== Segment start ==
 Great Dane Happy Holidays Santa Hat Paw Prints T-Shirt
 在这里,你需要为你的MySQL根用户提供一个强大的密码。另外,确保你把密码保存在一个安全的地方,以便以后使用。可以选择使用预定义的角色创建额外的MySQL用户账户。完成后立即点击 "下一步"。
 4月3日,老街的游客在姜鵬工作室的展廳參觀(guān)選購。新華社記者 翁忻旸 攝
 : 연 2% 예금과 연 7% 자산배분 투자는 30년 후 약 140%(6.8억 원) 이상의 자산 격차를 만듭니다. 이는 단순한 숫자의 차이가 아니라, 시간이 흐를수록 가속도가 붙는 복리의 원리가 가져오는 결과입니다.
== Segment end ==
== Segment start ==
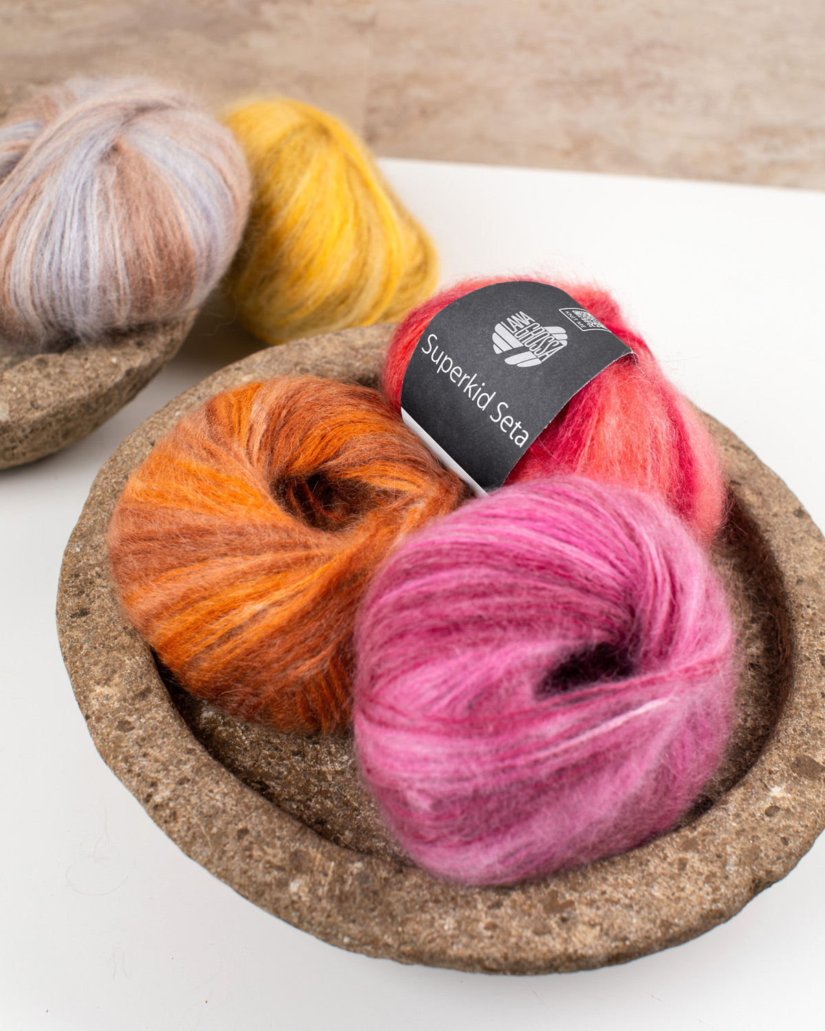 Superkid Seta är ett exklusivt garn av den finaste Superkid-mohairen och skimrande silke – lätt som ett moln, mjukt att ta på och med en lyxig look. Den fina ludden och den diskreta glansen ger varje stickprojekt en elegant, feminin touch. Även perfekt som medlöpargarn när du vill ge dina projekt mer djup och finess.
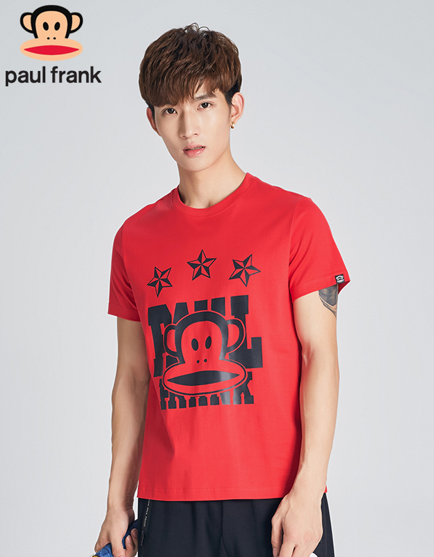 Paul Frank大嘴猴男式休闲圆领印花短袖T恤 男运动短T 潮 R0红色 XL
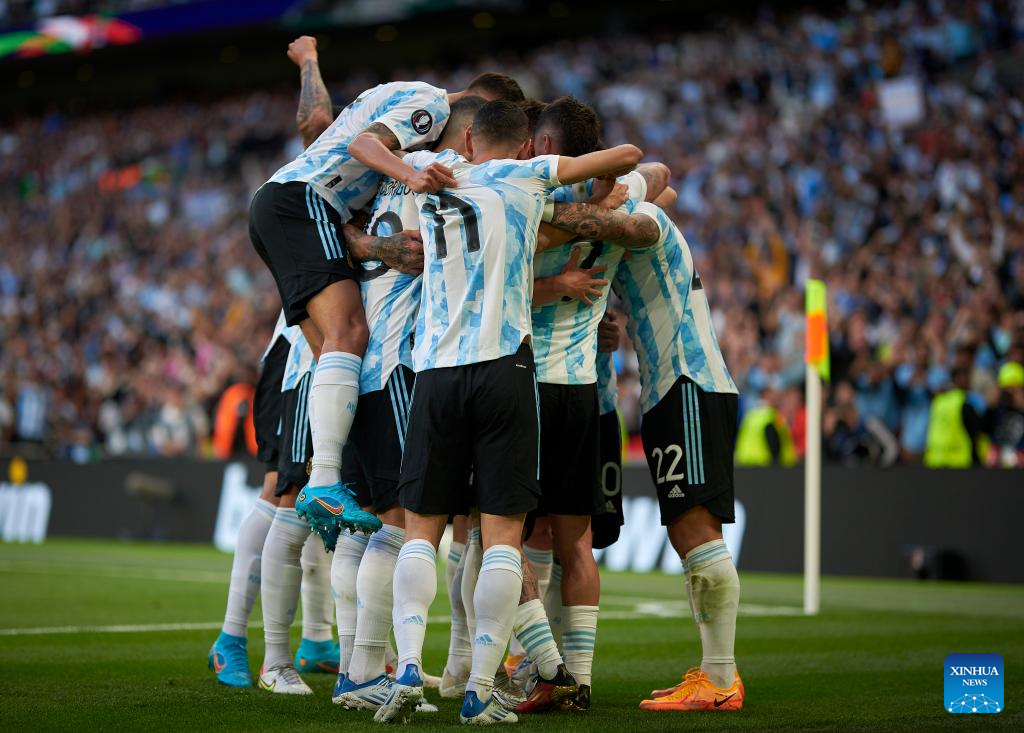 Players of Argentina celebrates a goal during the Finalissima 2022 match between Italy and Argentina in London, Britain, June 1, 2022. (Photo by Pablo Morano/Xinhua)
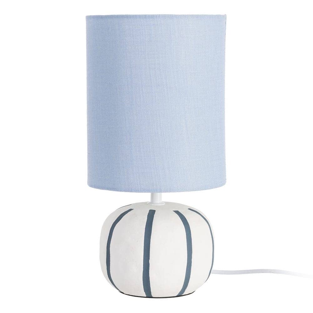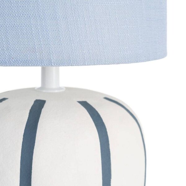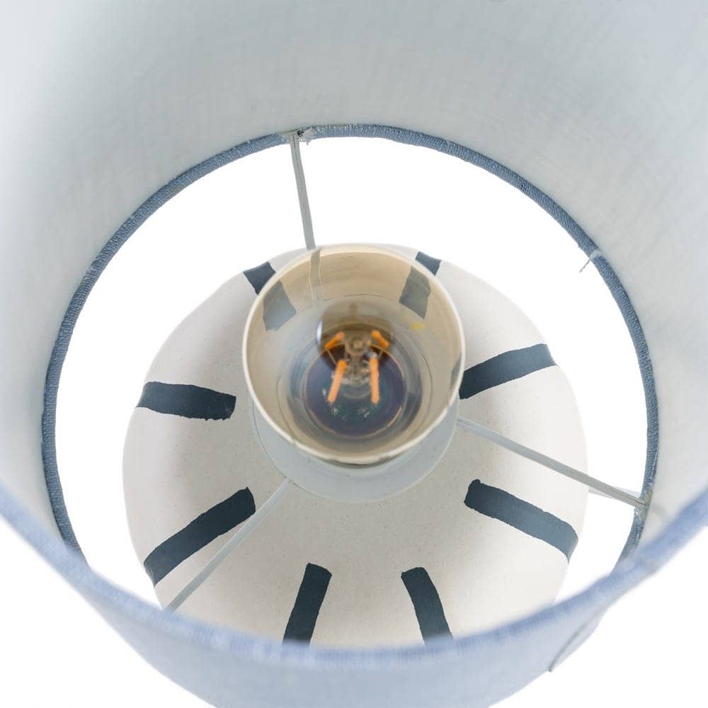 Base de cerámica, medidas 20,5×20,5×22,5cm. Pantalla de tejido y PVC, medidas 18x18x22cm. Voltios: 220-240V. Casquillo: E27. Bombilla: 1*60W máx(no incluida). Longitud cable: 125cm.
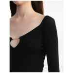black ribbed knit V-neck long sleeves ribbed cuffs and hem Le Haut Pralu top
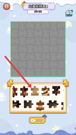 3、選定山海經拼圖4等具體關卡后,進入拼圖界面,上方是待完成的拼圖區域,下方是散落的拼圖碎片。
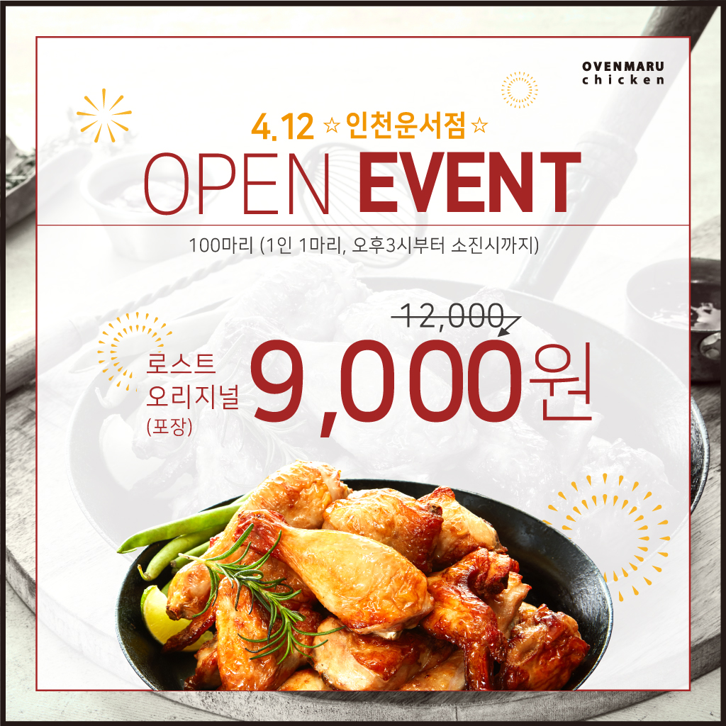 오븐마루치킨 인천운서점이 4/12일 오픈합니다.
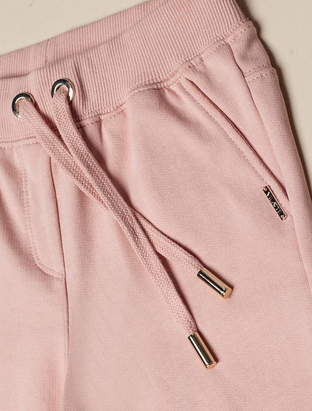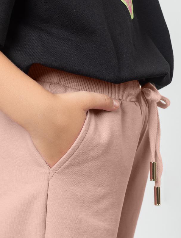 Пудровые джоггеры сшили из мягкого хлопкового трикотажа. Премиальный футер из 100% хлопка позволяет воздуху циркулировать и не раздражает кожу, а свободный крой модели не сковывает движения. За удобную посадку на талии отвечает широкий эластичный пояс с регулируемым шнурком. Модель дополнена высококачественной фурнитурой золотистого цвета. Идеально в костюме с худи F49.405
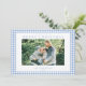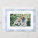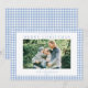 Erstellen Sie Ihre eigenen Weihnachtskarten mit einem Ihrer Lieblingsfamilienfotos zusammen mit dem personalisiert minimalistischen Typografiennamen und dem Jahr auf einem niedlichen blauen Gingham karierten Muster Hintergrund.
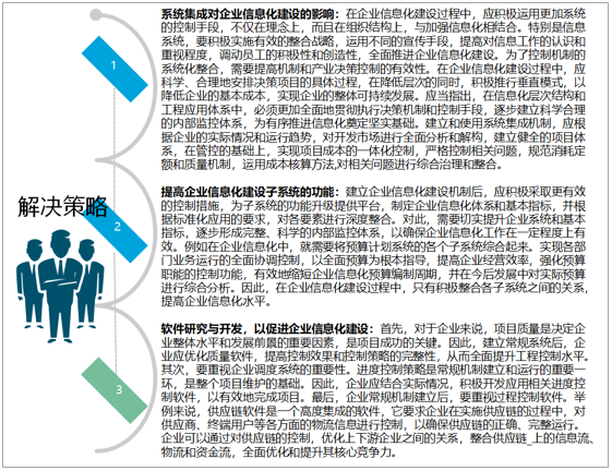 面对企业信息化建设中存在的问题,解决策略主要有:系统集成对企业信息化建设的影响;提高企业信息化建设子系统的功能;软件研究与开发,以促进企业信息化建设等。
== Segment end ==
* **EXERCISE DESCRIPTION**
Restate word for word the entries above from the line with "在这里,你需要为你的MySQ" through the line with "원리가 가져오는 결과입니다.", inclusive, leaving out everything else.

* **RESPONSE TO THE TASK**
 在这里,你需要为你的MySQL根用户提供一个强大的密码。另外,确保你把密码保存在一个安全的地方,以便以后使用。可以选择使用预定义的角色创建额外的MySQL用户账户。完成后立即点击 "下一步"。
 4月3日,老街的游客在姜鵬工作室的展廳參觀(guān)選購。新華社記者 翁忻旸 攝
 : 연 2% 예금과 연 7% 자산배분 투자는 30년 후 약 140%(6.8억 원) 이상의 자산 격차를 만듭니다. 이는 단순한 숫자의 차이가 아니라, 시간이 흐를수록 가속도가 붙는 복리의 원리가 가져오는 결과입니다.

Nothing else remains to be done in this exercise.